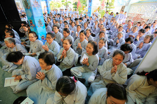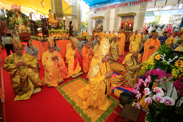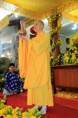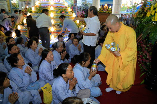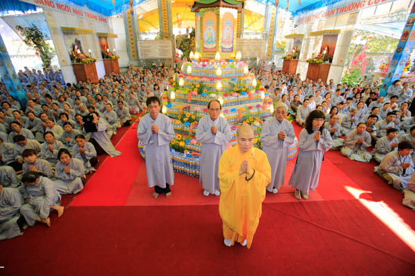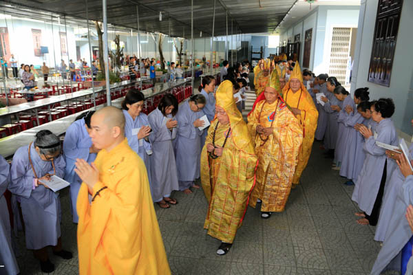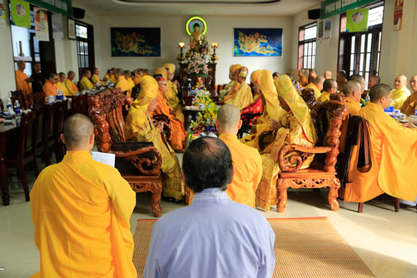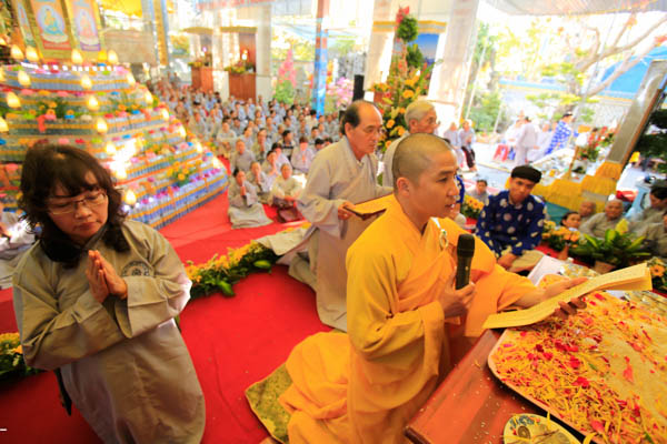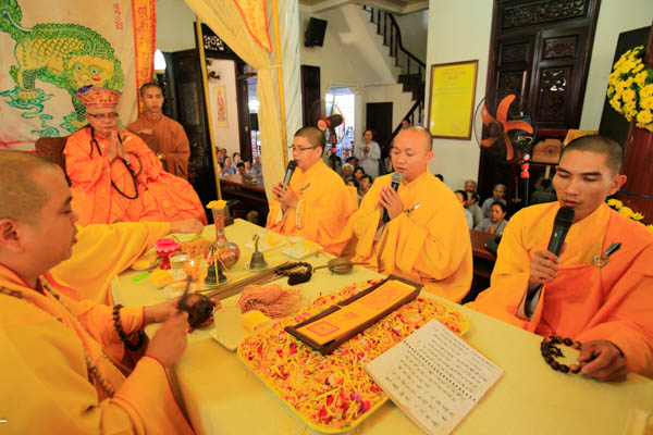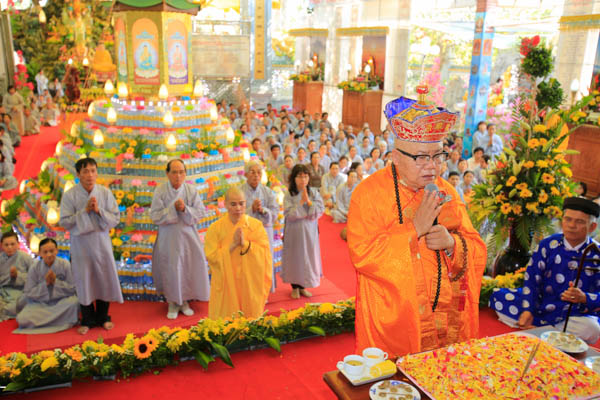 Nhờ oai lực của chư Phật và sức lực chú nguyện của Chư Tôn Đức mà khắp nơi thành thị đến nông thôn, mọi giới biết noi theo đường tu tập. Gió hòa mưa thuận, đất nước bình an. Lại nguyện xin thổi ngọn gió từ bi thanh lương vào thế gian nóng bức, đem mặt trời trí tuệ về ngự giữa không gian âm u, để mong tật bịnh nghiệp chướng được tiêu trừ, sở cầu sở nguyện giai như ý, cửu huyền thất tổ sớm siêu thăng, bát nạn tam đồ đều giải thoát …”
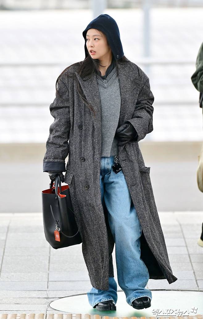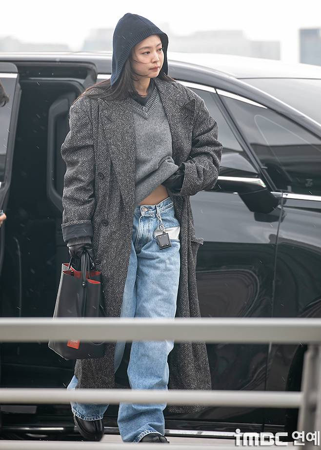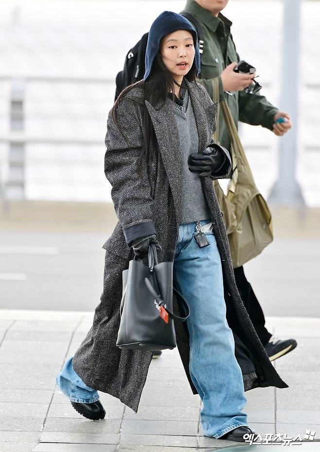 그날 공항에 등장한 제니의 차림은 편안함이라는 공항 패션의 공식에서 살짝 벗어나 있었고, 대신 분명한 메시지를 남겼다.
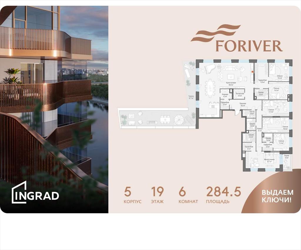 | В жилом квартале, расположенном в Даниловском районе Москвы, продаётся многокомнатная квартира площадью 284.50 кв. м без отделки. Квартира расположена на 19 этаже 19-этажного дома, корпус 5, в жилом квартале бизнес-класса Foriver. .
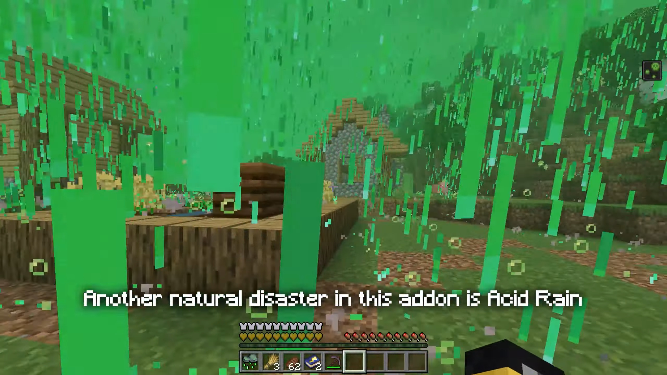 Pueden ser ventiscas, tormentas eléctricas, tormentas de arena, lluvias, tornados o lluvia ácida. Se producen en orden aleatorio, por lo que no se puede predecir qué desastres naturales ocurrirán en el mundo del juego. Este sistema añade más acción al mundo de los cubos y puede pillar desprevenido al jugador en cualquier momento.
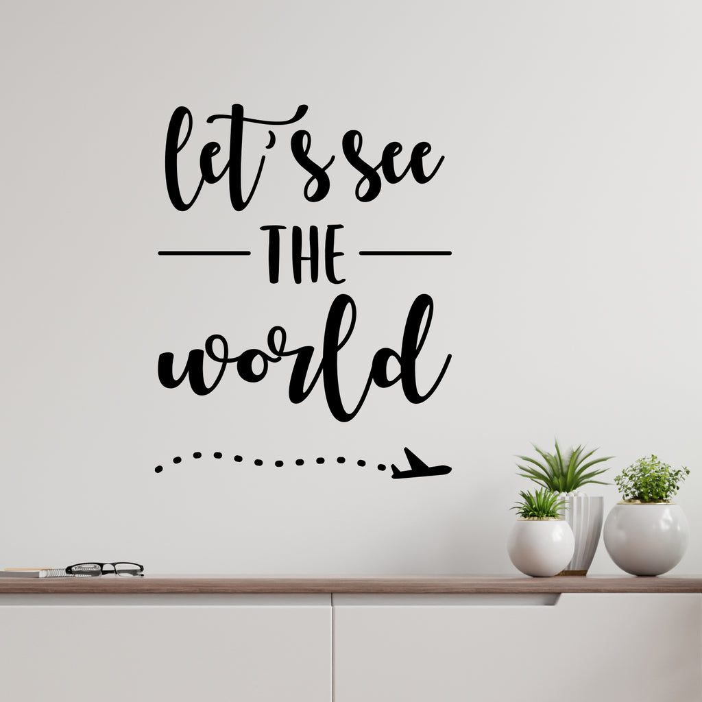 This awesome decal quote "Let's See The World"; is the perfect touch for your home. Use it for your living room; apartment or anywhere you want to bring some extra decoration. It's a vinyl sticker that is easy to put on any smooth and dry surface. Our modern designs don't just brighten up the room; but brighten up the day. Using top of the line vinyl across all of our production allows us to be the leaders in quality and design.
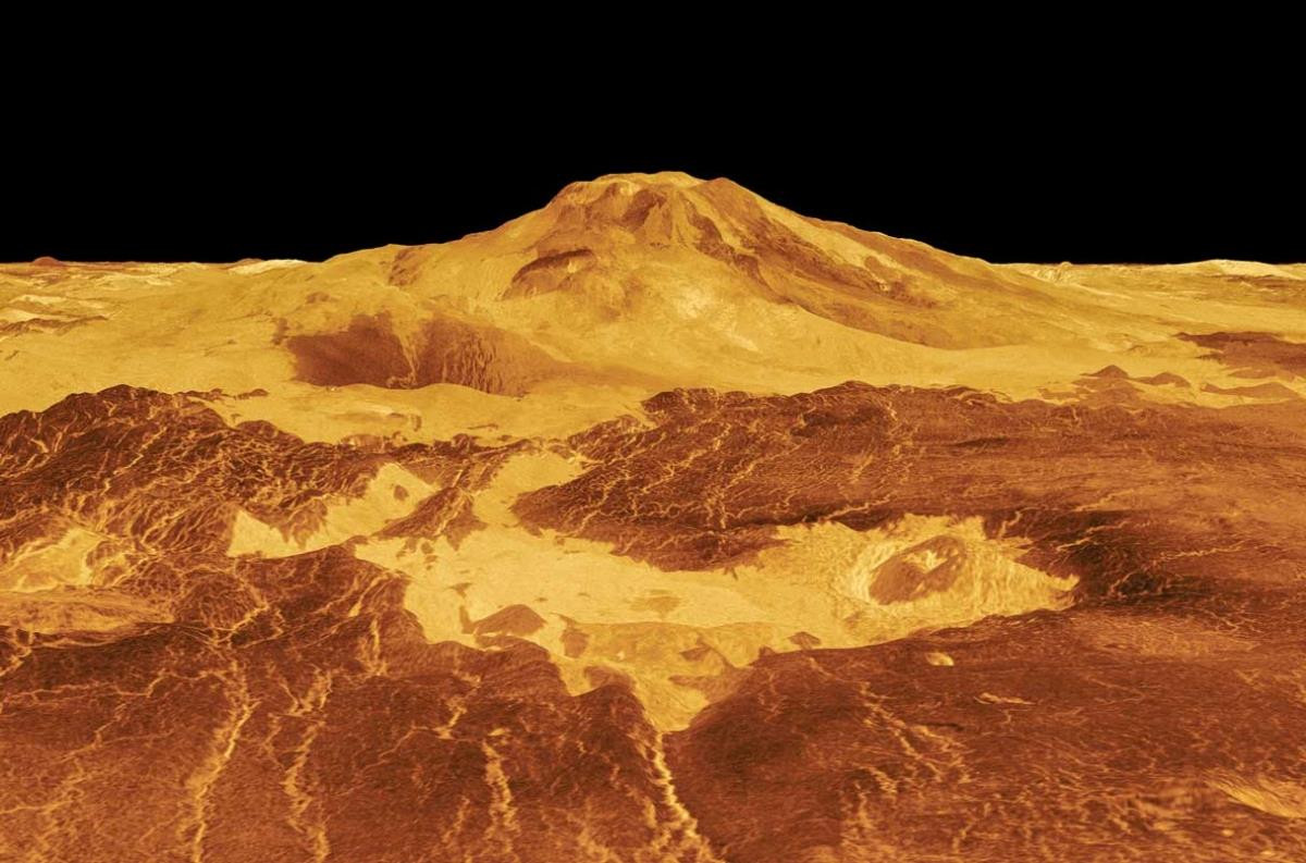 Maat Mons, cao 9km, là ngọn núi cao nhất sao Kim. Một cấu trúc sụp xuống tạo thành hõm chảo cho thấy dấu hiệu của một vụ phun trào núi lửa. (Ảnh: NASA)
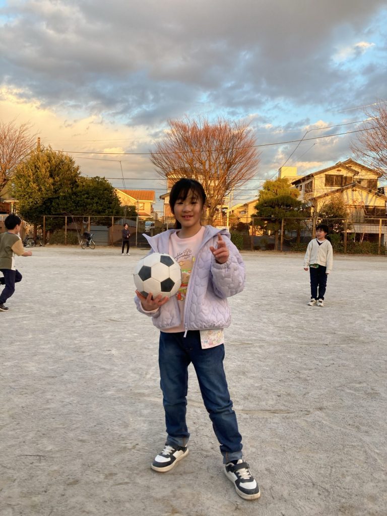 夕方には犬久保公園・園庭でサッカー、鬼ごっこ、ブランコ、三輪車、バスケットボールな度をして遊びました!

Exercise goal:
Look at the listing and set down only the lines from its start through the line with "Pueden ser ventiscas, tormentas", word for word and without pictures.

Written response:
 Nhờ oai lực của chư Phật và sức lực chú nguyện của Chư Tôn Đức mà khắp nơi thành thị đến nông thôn, mọi giới biết noi theo đường tu tập. Gió hòa mưa thuận, đất nước bình an. Lại nguyện xin thổi ngọn gió từ bi thanh lương vào thế gian nóng bức, đem mặt trời trí tuệ về ngự giữa không gian âm u, để mong tật bịnh nghiệp chướng được tiêu trừ, sở cầu sở nguyện giai như ý, cửu huyền thất tổ sớm siêu thăng, bát nạn tam đồ đều giải thoát …”
 그날 공항에 등장한 제니의 차림은 편안함이라는 공항 패션의 공식에서 살짝 벗어나 있었고, 대신 분명한 메시지를 남겼다.
 | В жилом квартале, расположенном в Даниловском районе Москвы, продаётся многокомнатная квартира площадью 284.50 кв. м без отделки. Квартира расположена на 19 этаже 19-этажного дома, корпус 5, в жилом квартале бизнес-класса Foriver. .
 Pueden ser ventiscas, tormentas eléctricas, tormentas de arena, lluvias, tornados o lluvia ácida. Se producen en orden aleatorio, por lo que no se puede predecir qué desastres naturales ocurrirán en el mundo del juego. Este sistema añade más acción al mundo de los cubos y puede pillar desprevenido al jugador en cualquier momento.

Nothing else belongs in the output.